**Exercise brief**
Below is a listing from which only part is wanted; return exactly the lines from the one with "自動販売機の塗装・研磨作業" up to and including the one with "生活中心/翁語岑報導不少充滿".

**Records provided**
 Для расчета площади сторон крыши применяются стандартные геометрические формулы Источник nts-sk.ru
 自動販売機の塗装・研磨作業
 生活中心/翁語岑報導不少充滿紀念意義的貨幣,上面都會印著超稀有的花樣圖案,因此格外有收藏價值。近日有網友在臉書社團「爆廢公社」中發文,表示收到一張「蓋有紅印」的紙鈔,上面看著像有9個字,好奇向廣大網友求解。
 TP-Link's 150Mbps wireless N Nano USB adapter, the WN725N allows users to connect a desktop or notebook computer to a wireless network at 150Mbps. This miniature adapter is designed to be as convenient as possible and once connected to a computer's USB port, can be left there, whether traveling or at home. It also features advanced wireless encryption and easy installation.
---
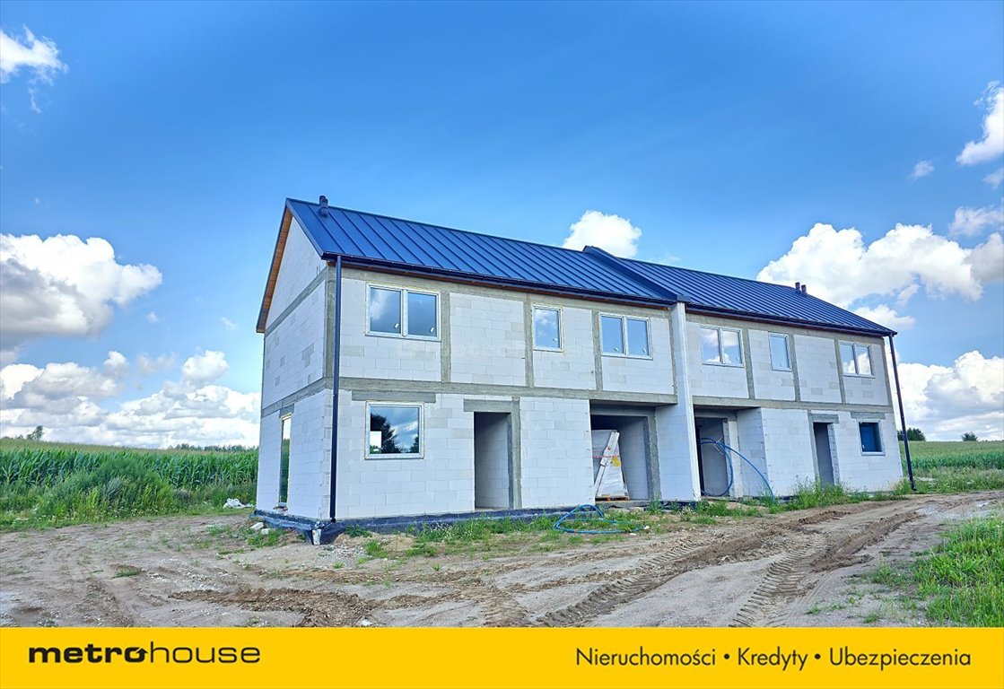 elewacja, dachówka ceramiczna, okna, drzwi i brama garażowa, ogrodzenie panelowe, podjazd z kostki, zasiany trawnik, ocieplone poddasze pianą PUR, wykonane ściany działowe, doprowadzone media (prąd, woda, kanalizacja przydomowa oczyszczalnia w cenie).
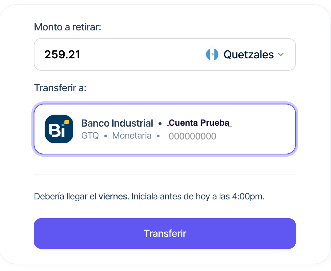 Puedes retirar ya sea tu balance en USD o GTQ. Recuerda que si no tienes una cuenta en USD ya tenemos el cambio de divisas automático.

**Exercise output**
 自動販売機の塗装・研磨作業
 生活中心/翁語岑報導不少充滿紀念意義的貨幣,上面都會印著超稀有的花樣圖案,因此格外有收藏價值。近日有網友在臉書社團「爆廢公社」中發文,表示收到一張「蓋有紅印」的紙鈔,上面看著像有9個字,好奇向廣大網友求解。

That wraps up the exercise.